Beim Abruf einer Seite im Internet oder bei Nutzung einer online App werden zwangsläufig Verkehrsdaten übertragen. Teil dieser Daten ist der digitale Fingerabdruck des Nutzers. Google besitzt übrigens mehrere Patente, um den digitalen Fingerabdruck auszunutzen.

Fiktives Beispiel eines impliziten Browser Fingerabdrucks.

Die Abbildung zeigt einen möglichen Fingerabdruck. Diese Daten werden implizit übertragen, also ohne weiteres Zutun.

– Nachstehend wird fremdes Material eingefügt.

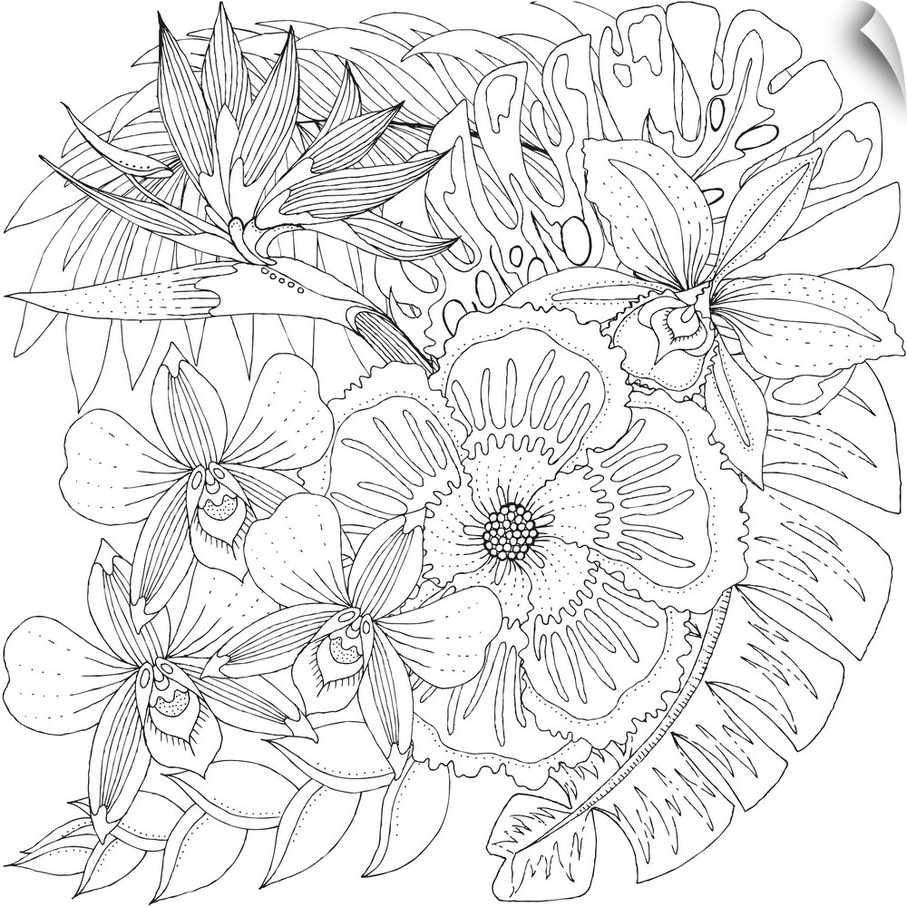<p>Contemporary tropical floral art with a variety of tropical plants and flowers.</p>

Ein expliziter Fingerabdruck hingegen sammelt weitere Daten, womit ein Nutzer noch besser nachverfolgt werden kann. Beispielsweise wird dabei eine Technik namens Canvas Fingerprinting eingesetzt.

Personenbezogene Daten

Die große Preisfrage lautet, was personenbezogene Daten sind. Sind dies nur Daten, die konkret auf eine offizielle Identität einer Person schließen lassen? Sind es also Daten, die den Namen oder die Anschrift einer Person ergeben können? Ich behaupte, das ist nicht so.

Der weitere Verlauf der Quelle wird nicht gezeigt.